Large advertisers, particularly since the development of daily full page announcements by department stores, also insist at times, and not always ineffectually, upon exerting influence over news and editorial columns. A pitch of absurdity seldom realised in this connection was exemplified by the silence or approval with which the press of one of our largest cities, a single paper honourably excepted, treated the clearly mistaken philanthropy of a certain wealthy merchant who had established many distributing stations for sterilised, rather than Pasteurised milk. The paralysing effect of box office influence upon sincere and vigorous dramatic criticism is another deplorable instance of the same sort.

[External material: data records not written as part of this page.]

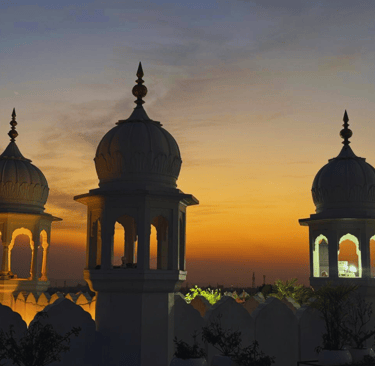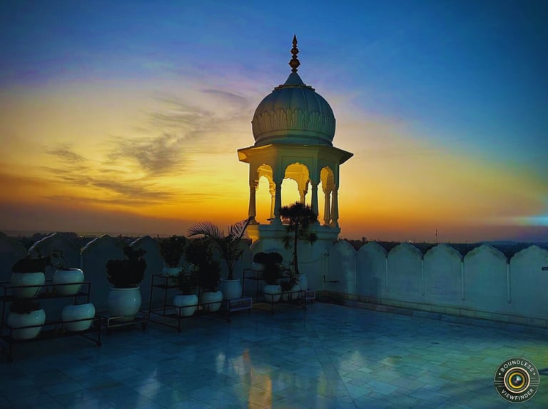 Bathed in the soft hues of sunrise, this serene view captures the spiritual calm of Anandpur Sahib. The elegant pavilion stands gracefully against the open sky, symbolizing peace and devotion.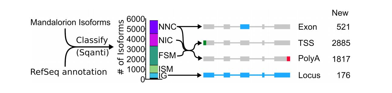 5831個(gè)亞型中的1239個(gè)異構(gòu)體被Mandalorion鑒定為新穎非編目”(NNC),這意味著它們與一個(gè)已知基因重疊,但至少包含一個(gè)未注釋的剪接位點(diǎn)。對(duì)這個(gè)NNC小組的深入分析發(fā)現(xiàn),它們總共包含521個(gè)新外顯子。1301個(gè)亞型被歸類為”目錄中的小說”(novelincatalog,NIC),這意味著它們與一個(gè)已知基因重疊,只使用帶注釋的剪接位點(diǎn),但至少有一次作為以前未注釋的剪接位點(diǎn)的一部分。本研究總共觀察到2540(1239NNC和1301NIC)具有未注釋外顯子構(gòu)型的新異構(gòu)體。總的來說,這個(gè)分析極大地提高了本研究對(duì)全血北極熊轉(zhuǎn)錄組的同型水平的知識(shí)(圖5)。為了使這些知識(shí)能夠直接用于未來的分析,本研究生成了一個(gè)包含了與r2c2/mandalorion異構(gòu)體合并的RefSeqmRNA條目的gtf注釋文件。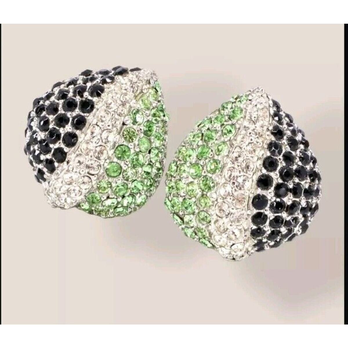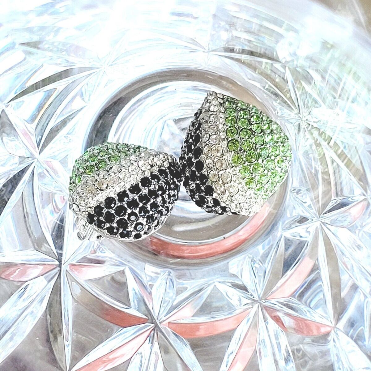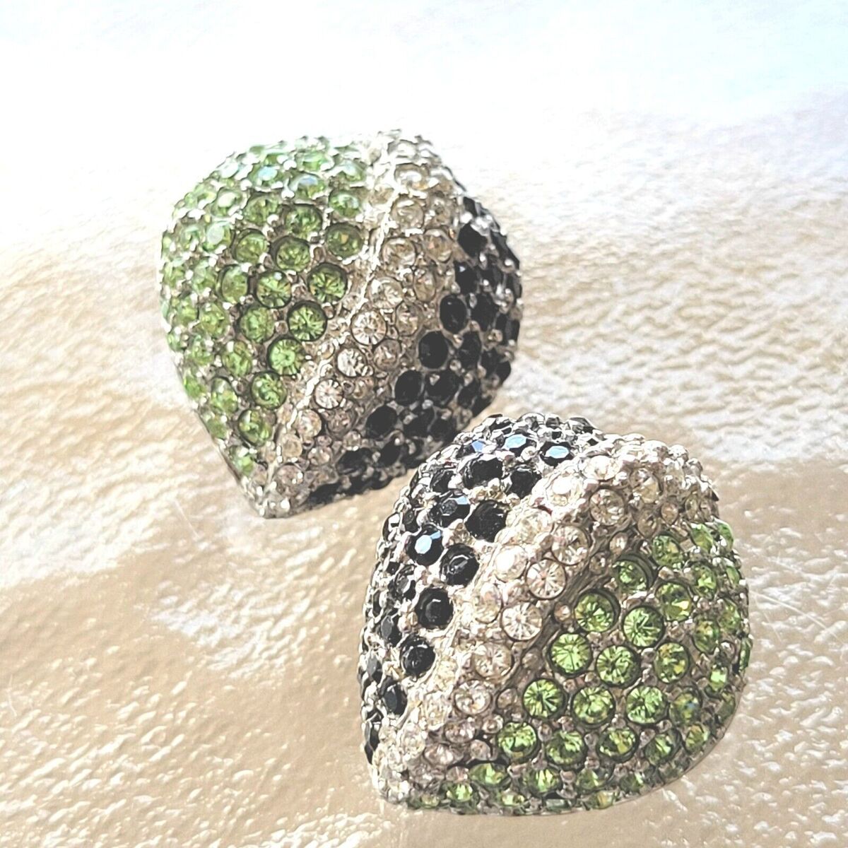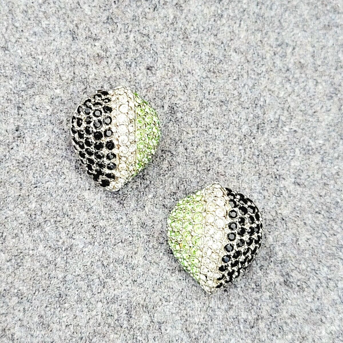 - Vtg Ciner signed Silverplate Lime & White Black Crystals Almond Earrings Clip On

Finally there are papers which, however free they may keep themselves from outside interests, nevertheless represent the immediate political or economic ambitions of their owners. It is easy to exaggerate this abuse not only with regard to its present extent absolutely considered, but also with reference to its contemporary development as compared with the press of the past. In its earlier periods journalism was almost universally the tool of party. During the civil war,—the epoch of great editorial personalities,—political ambitions constantly invaded the sanctum with the result that the gross unfairness and bitter partisanship engendered by the times were doubly and trebly emphasised in the columns of the press. The new journalism which began its career about 1875 not only prints more news but prints it more fairly than the old school. Of course most of our papers are still the recognised organs of some party, but they are far from being servile and characterless advocates of every party policy. Moreover there is a considerable number of politically independent papers, some of which are avowedly so, while others are really so although they may still wear lightly some party emblem. Fearless, continued criticism of public abuses is more and more coming to be recognised as good policy both for a paper and for the commonweal.

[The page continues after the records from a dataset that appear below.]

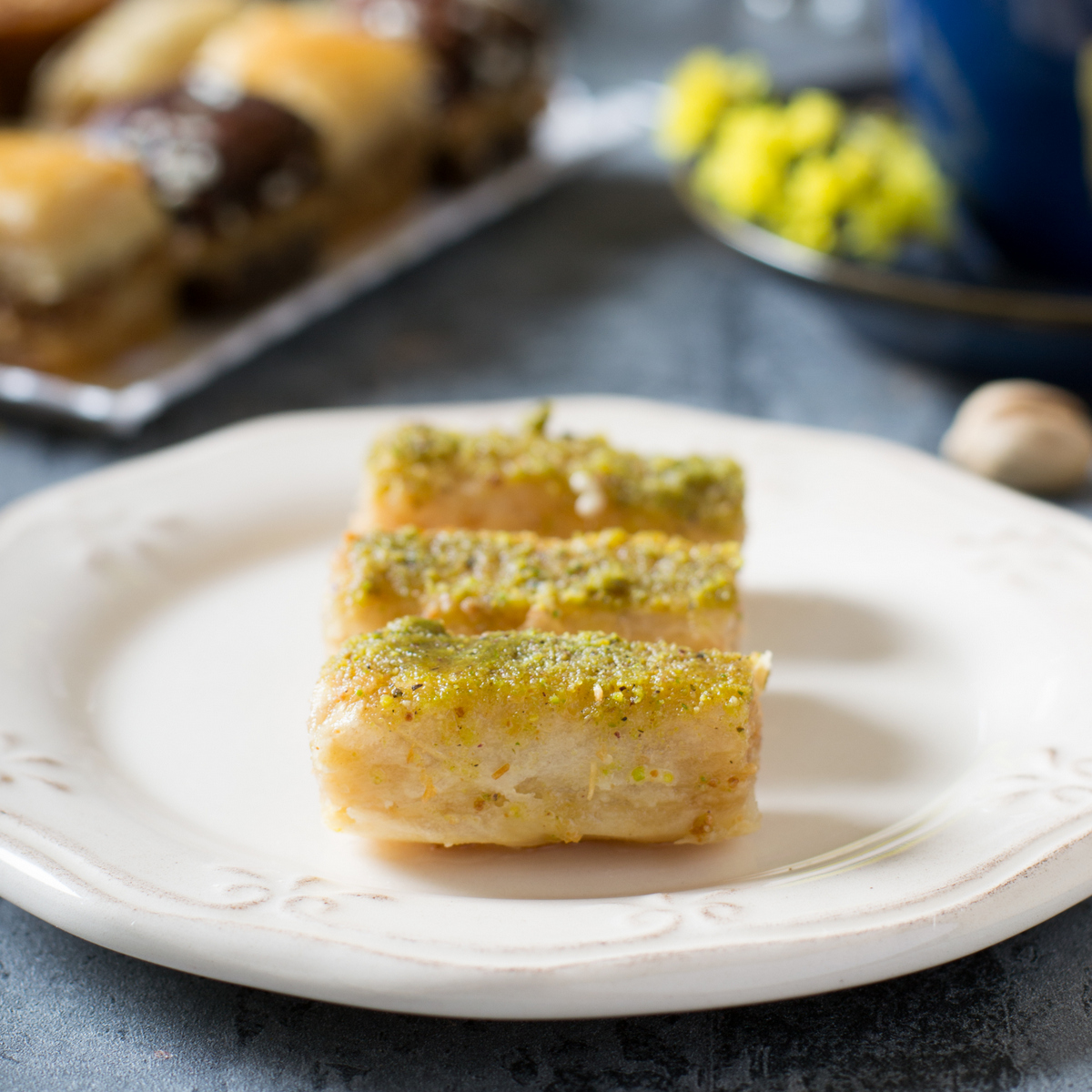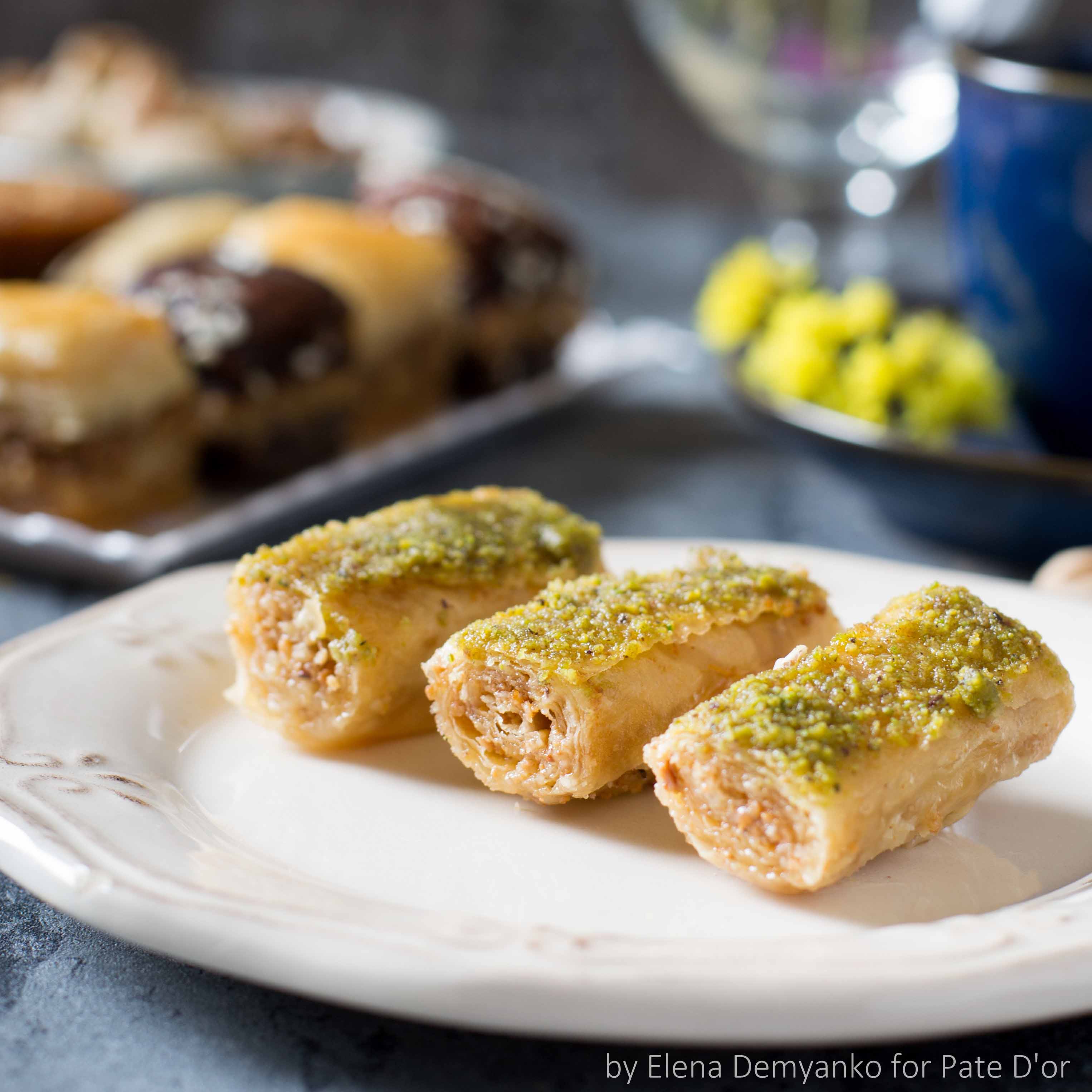 Пропитанное сахарным сиропом, нежное воздушное многослойное тесто фило в сочетании с ореховой начинкой.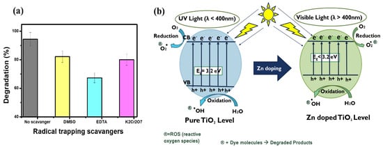 Figure 8a represents the results of radical trapping scavengers using Zn@TiO2-0.5 against MB dyes. Results showed that when no scavenger was added, MB dye degradation was 93%. However, when EDTA was added, dye degradation efficiency decreased from 93% to 67%. EDTA is a ions scavenger.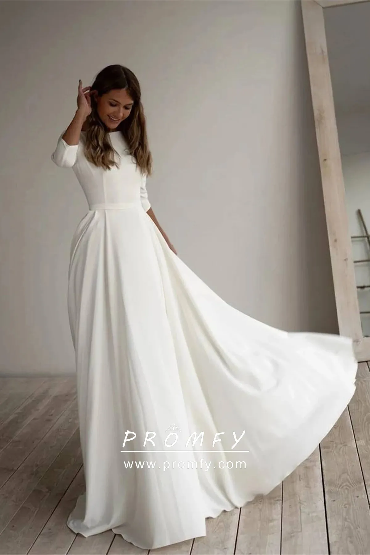 Ivory Satin 3/4 Sleeve A-line Minimalist Bridal Dress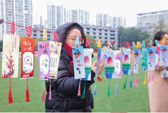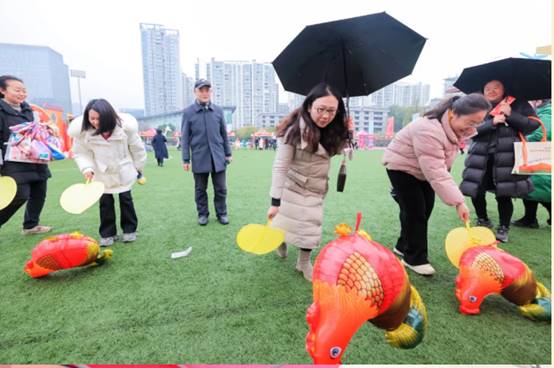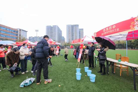 与此同时,17个趣味横生的游戏项目在游园区同步展开。“成职‘高尔夫’”重现古代捶丸运动,参与者手持球棒,专注击球,在三米开外感受别样运动乐趣;“套圈”区域,教职工们全神贯注,抛出手中的圈,试图套中心仪物品;“才高八斗迎新年”中,工作人员读出诗词上句,老师们迅速接龙,展现出深厚的文学功底;“赶鸡入笼”“丢沙包”“猜灯谜”“盲人摸福”等游戏也让现场笑声、欢呼声交织。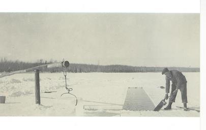 Keywords: vintage ice frozen lake cold winter outdoor cutting ice 1930's snow

Unfortunately there is another side to this record of improvement and achievement. Perhaps the most important single difference between the old personal journalism and the journalism of to-day is the large capitalistic character of the latter. When the mechanical outfit of a city paper could be supplied with a comparatively small sum of money, the personality of the editor was all important, although, as we have seen, even this favouring economic condition did not by any means produce uncorrupted journalism. At the present time large capital is necessary not only to provide the equipment, but also to meet the heavy losses of the few inevitable lean years at the outset. In most cases the money is contributed by one man or by a comparatively small number of men whose other business interests are likely to be very harmonious if not already consolidated. In consequence there is a common, and withal very human, tendency on the part of the paper thus established and owned to deal favourably under all circumstances with the financial interest or group of interests back of it. This is the typical journalistic danger of the present period, just as the political bee in the editor’s bonnet was the typical evil of the old personal journalism. Legislation requiring newspapers to print the names of their principal owners, and to deposit full lists of stockholders in some state office of record where they could be made available to all comers, ought to limit considerably the possibility of capitalistic manipulation of the press. By revealing facts regarding financial control which at best can only be suspected at the present time, publicity of this character would enable readers to make the necessary allowances for any undue form of counting-room control which might manifest itself in the editorial or news columns of a given paper. In spite of this and other shortcomings, however, most observers agree that the American press as a whole is more independent to-day than ever before.